Coordinates: 34°02′42″N 118°15′00″W / 34.04495445°N 118.24992388°W
The historic Pacific Electric Building (also known as the Huntington Building, after the Pacific Electric founder and developer, Henry Huntington, or 6th & Main for its location) opened in 1905 as the terminal for the Pacific Electric Red Car Lines running east and south of downtown Los Angeles, as well as the company's main headquarters building. It was designed by architect Thornton Fitzhugh. Though not the first modern building in Los Angeles, nor the tallest, its large footprint and ten-floor height made it the largest building in floor area west of Chicago for several decades. Above the main floor terminal were five floors of offices and on the top three floors, the Jonathan Club, one of the city's leading businessmen's clubs.
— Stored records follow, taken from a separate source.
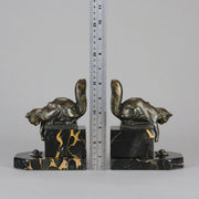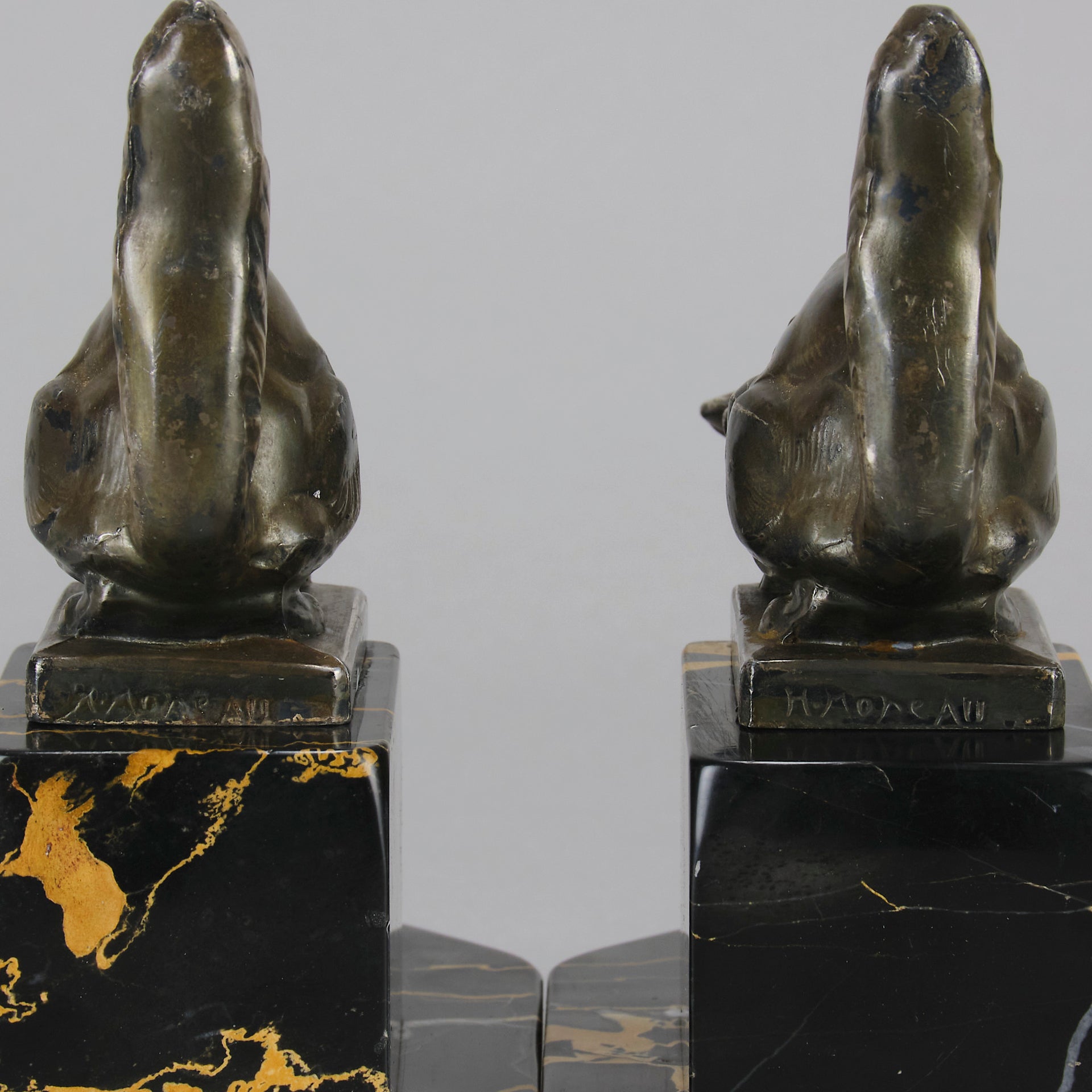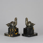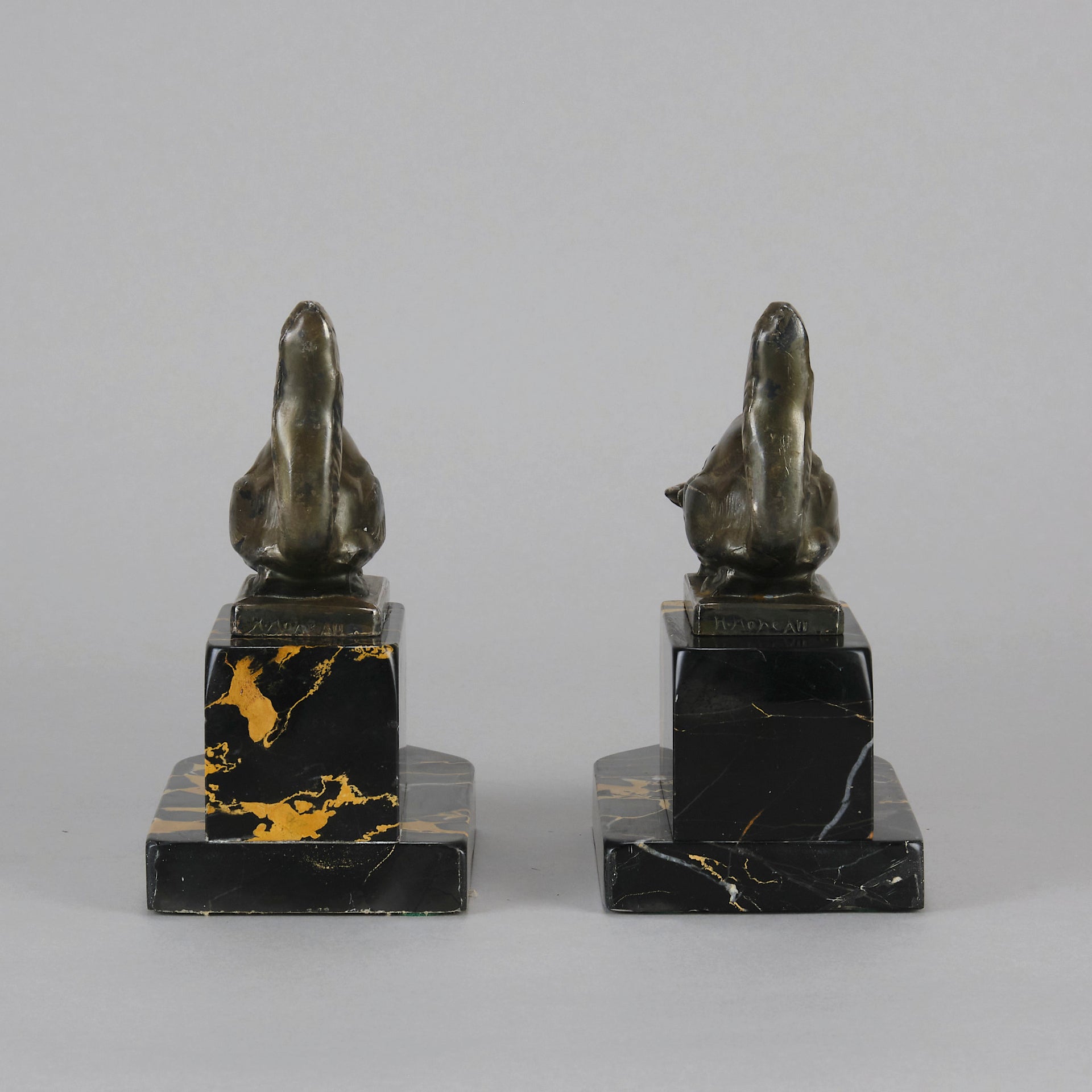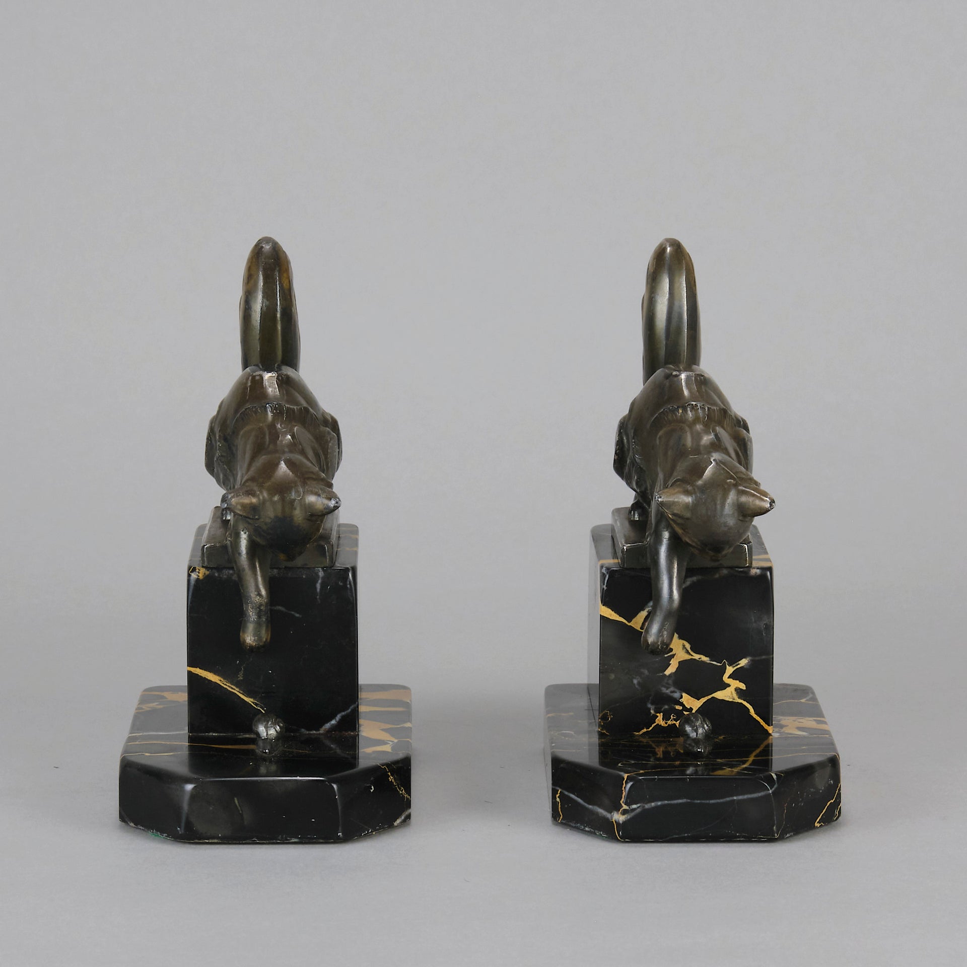 A charming early 19th Century pair of bookends modelled as cats reaching down to snails exhibiting excellent detail, raised on a potoro marble bases and signed Hip Moreau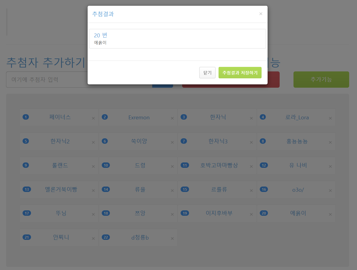 닉네임이 한자신 분들은 아래에서부터 1~n으로 설정해 추첨 진행하였습니다.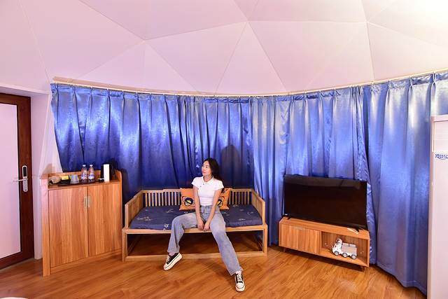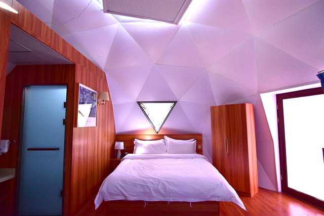 这次我住进了这间玻璃星空房,蓝色的玻璃外墙,太有立体感了,外面看上去好像不大,走进去发现里面并不压抑,圆形的房子大概有40个平方。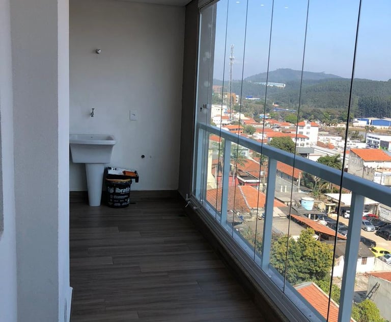 Amlpla varanda integrada a sala e toda aproveitavel fechada com vidro
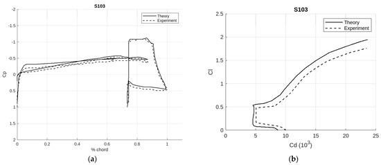 Comparison of theoretical and experimental results for the S103 airfoil at Re = 3 × 106, M = 0.10 in the transition-free state. (a) Pressure distributions along the cross-section for α = −1.07°. (b) Cl vs. Cd (Graph reproduced from [24]).

The club moved to its own building on Figueroa Street in 1925. After the absorption of the Pacific Electric into the Southern Pacific Railroad in 1911 (called "The Great Merger"), the PE Building became the primary Los Angeles offices for the Southern Pacific.
In 1914, a total of 1626 PE trains entered or left Los Angeles in 3262 cars daily. With the increase in automobiles in Los Angeles in the 1920s, congestion of shared street running with the Los Angeles Railway city streetcars and auto traffic delayed PE trains traveling to the north and west up Main Street to Glendale, Hollywood, and Santa Monica. In 1922, the California Railroad Commission issued Order No. 9928, which called for the Pacific Electric to construct a subway to bypass downtown's busy streets. The Subway Terminal Building, a second PE terminal, was then built across downtown at the base of Bunker Hill at 4th and Hill Streets across from Pershing Square to serve the subway, which opened December 1, 1925, speeding passenger service considerably to Hollywood, Santa Monica, and Glendale.